- Active: November 19, 1863 - January 9, 1866
- Country: United States
- Allegiance: Union
- Branch: Infantry United States Colored Troops
- Size: Regiment
- Engagements: American Civil War

Commanders
- Notable commanders: John Eaton

= 63rd United States Colored Infantry Regiment =

The 63rd Regiment United States Colored Troops, was a regiment of African-American troops recruited from Mississippi that served in the Union Army during the American Civil War. The regiment was originally organized as the 9th Louisiana Infantry (African Descent) in late 1863, renamed as the 63rd US Colored Infantry in March, 1864, and served as a garrison force along the Mississippi River until January, 1866.

==Organization==
The regiment was initially organized in November-December 1863 as the 9th Louisiana Infantry (African Descent), replacing another unit of the same name that had been converted into an artillery regiment. Troops were recruited at Vicksburg, Mississippi, Goodrich's Landing, Louisiana, and Island Number Ten, Tennessee. The regiment's designation was changed to the 63rd Infantry, US Colored Troops on March 11, 1864.

==Service==
Units of Black soldiers were assigned to garrison duties to hold strategic locations along the Mississippi River and free up veteran Union regiments for service elsewhere. General Henry Halleck wrote to Ulysses S. Grant in July 1863 expressing his opinion that the regiments of freshly-recruited Black troops would be suitable for this assignment: “The Mississippi should be the base of future operations east and west. When Port Hudson falls, the fortifications of that place, as well as of Vicksburg, should be so arranged as to be held by the smallest possible garrisons, thus leaving the mass of troops for operations in the field. I suggest that colored troops be used as far as possible in the garrisons." The companies of the 63rd Colored Infantry were assigned to guard various posts including Natchez, Mississippi, Vicksburg, Mississippi, Helena, Arkansas, Vidalia, Louisiana, and Memphis, Tennessee.

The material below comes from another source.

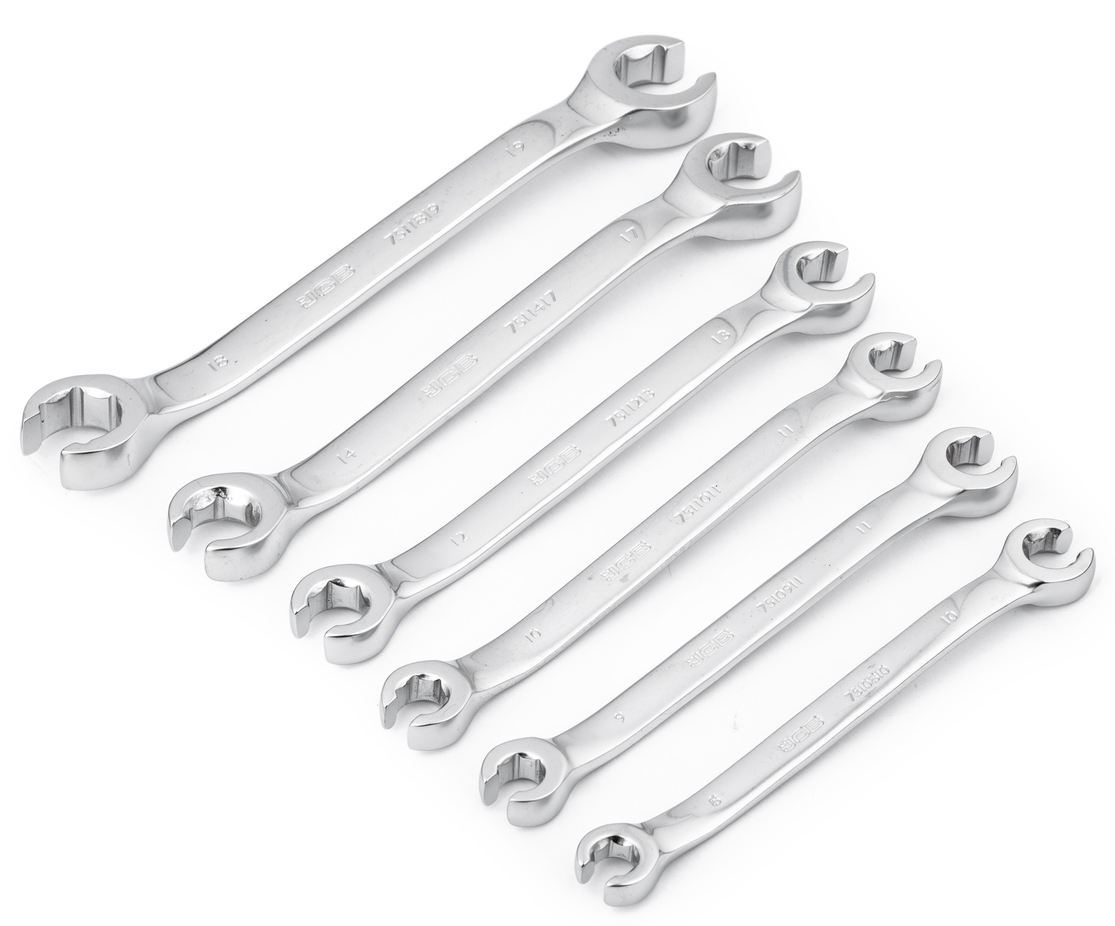 Професионален комплект от 6 висококачествени двустранни ключа, изработени от здрава хром-ванадиева стомана (Cr-V) с устойчиво сатенено покритие. Подходящи за работа със спирачни и хидравлични системи.

Recruiting standards for Black regiments raised along the Mississippi river were low, with many men impressed from the freed slave population and forced into the army. An inspection report from July 1864 detailed that the 63rd & 64th regiments contained "many useless soldiers, old, crippled, sick, and unserviceable poor condition". The inspecting officer reported that the stated intention of the commanding officers had been to form an "invalid corps" of Black soldiers not fit for regular service, similar to the Veteran Reserve Corps for white soldiers, but this effort had been marred by officers who used the 63rd & 64th regiments as a dumping ground for poor-quality soldiers from their regiments: "The officers report that they have new many men who are unfit for service. If the above idea is carried out no real service need by expected from the organization...The detachments are in bad condition and indifferently officered." Unlike the white Veteran Reserve Corps, some of the men of the 63rd and 64th Colored regiments were in such poor condition that they had been rejected by medical examiners, but were enrolled in the regiment anyway.

Despite this negative report, the 63rd did see combat on several occasions in 1864, fighting in small skirmishes with Confederate raiders at Waterproof, Louisiana, Ashwood's Landing, Louisiana, Camp Marengo, and Bullitt's Bayou, Louisiana. The regiment suffered 2 men wounded at Waterproof, 1 killed at Ashwood's Landing, and 1 killed at Camp Marengo.

John Eaton, the commander of the 63rd regiment, defended the service of his men, stating that rather than fighting famous battles, they performed the "humbler duty" of protecting freed slaves in Mississippi: "safeguarding the plantations from assaults which were often vindicative and particularly cruel, the task of protected the women and children, the aged and infirm, these were services which devolved upon men debarred by physical incapacity by their brothers."

The regiment was mustered out of service on January 9, 1866.

==Commanding officers==
Commanding officers of the 63rd US Colored Infantry:
- Colonel John Eaton, promoted to brevet brigadier general, March 1865.
- Lieutenant Colonel Samuel Russell Thomas, promoted to colonel of the 64th Colored Infantry, January 1864.
- Lieutenant Colonel Albion L. Mitchell, resigned June 1865.